→ **INFORMATION PROVIDED**:
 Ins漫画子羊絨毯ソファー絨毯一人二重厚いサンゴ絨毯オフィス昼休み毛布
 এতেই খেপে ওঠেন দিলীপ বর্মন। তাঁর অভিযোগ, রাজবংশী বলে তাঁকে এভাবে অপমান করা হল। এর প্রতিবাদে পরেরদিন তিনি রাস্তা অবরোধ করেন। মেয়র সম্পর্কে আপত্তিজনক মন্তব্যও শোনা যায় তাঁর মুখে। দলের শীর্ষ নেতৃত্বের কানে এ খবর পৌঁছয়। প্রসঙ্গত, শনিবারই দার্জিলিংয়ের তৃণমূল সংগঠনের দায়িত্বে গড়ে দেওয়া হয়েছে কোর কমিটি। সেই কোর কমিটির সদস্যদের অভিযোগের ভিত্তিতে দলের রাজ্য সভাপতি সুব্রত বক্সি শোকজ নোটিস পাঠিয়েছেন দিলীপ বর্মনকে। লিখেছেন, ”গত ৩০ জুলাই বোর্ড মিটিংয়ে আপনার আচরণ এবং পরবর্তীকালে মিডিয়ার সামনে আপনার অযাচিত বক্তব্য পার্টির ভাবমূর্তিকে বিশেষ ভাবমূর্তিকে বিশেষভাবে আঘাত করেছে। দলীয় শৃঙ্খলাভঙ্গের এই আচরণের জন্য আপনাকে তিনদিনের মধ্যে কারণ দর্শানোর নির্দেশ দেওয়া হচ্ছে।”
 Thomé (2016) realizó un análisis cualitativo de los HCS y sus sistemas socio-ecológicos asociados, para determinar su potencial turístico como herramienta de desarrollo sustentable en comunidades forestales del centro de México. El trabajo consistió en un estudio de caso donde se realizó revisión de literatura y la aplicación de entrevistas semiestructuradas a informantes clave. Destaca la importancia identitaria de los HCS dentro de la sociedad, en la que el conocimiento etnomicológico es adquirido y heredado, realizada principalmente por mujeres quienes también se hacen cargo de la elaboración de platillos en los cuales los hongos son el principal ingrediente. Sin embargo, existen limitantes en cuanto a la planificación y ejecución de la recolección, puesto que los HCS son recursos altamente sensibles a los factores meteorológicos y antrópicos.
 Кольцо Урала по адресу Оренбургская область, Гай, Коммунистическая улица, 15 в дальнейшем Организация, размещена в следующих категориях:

→ **WHAT THIS TASK INVOLVES**: Your answer should be the lines from the one that contains "এতেই খেপে ওঠেন" through the last line of the material, copied exactly.

→ **SOLUTION**:
 এতেই খেপে ওঠেন দিলীপ বর্মন। তাঁর অভিযোগ, রাজবংশী বলে তাঁকে এভাবে অপমান করা হল। এর প্রতিবাদে পরেরদিন তিনি রাস্তা অবরোধ করেন। মেয়র সম্পর্কে আপত্তিজনক মন্তব্যও শোনা যায় তাঁর মুখে। দলের শীর্ষ নেতৃত্বের কানে এ খবর পৌঁছয়। প্রসঙ্গত, শনিবারই দার্জিলিংয়ের তৃণমূল সংগঠনের দায়িত্বে গড়ে দেওয়া হয়েছে কোর কমিটি। সেই কোর কমিটির সদস্যদের অভিযোগের ভিত্তিতে দলের রাজ্য সভাপতি সুব্রত বক্সি শোকজ নোটিস পাঠিয়েছেন দিলীপ বর্মনকে। লিখেছেন, ”গত ৩০ জুলাই বোর্ড মিটিংয়ে আপনার আচরণ এবং পরবর্তীকালে মিডিয়ার সামনে আপনার অযাচিত বক্তব্য পার্টির ভাবমূর্তিকে বিশেষ ভাবমূর্তিকে বিশেষভাবে আঘাত করেছে। দলীয় শৃঙ্খলাভঙ্গের এই আচরণের জন্য আপনাকে তিনদিনের মধ্যে কারণ দর্শানোর নির্দেশ দেওয়া হচ্ছে।”
 Thomé (2016) realizó un análisis cualitativo de los HCS y sus sistemas socio-ecológicos asociados, para determinar su potencial turístico como herramienta de desarrollo sustentable en comunidades forestales del centro de México. El trabajo consistió en un estudio de caso donde se realizó revisión de literatura y la aplicación de entrevistas semiestructuradas a informantes clave. Destaca la importancia identitaria de los HCS dentro de la sociedad, en la que el conocimiento etnomicológico es adquirido y heredado, realizada principalmente por mujeres quienes también se hacen cargo de la elaboración de platillos en los cuales los hongos son el principal ingrediente. Sin embargo, existen limitantes en cuanto a la planificación y ejecución de la recolección, puesto que los HCS son recursos altamente sensibles a los factores meteorológicos y antrópicos.
 Кольцо Урала по адресу Оренбургская область, Гай, Коммунистическая улица, 15 в дальнейшем Организация, размещена в следующих категориях:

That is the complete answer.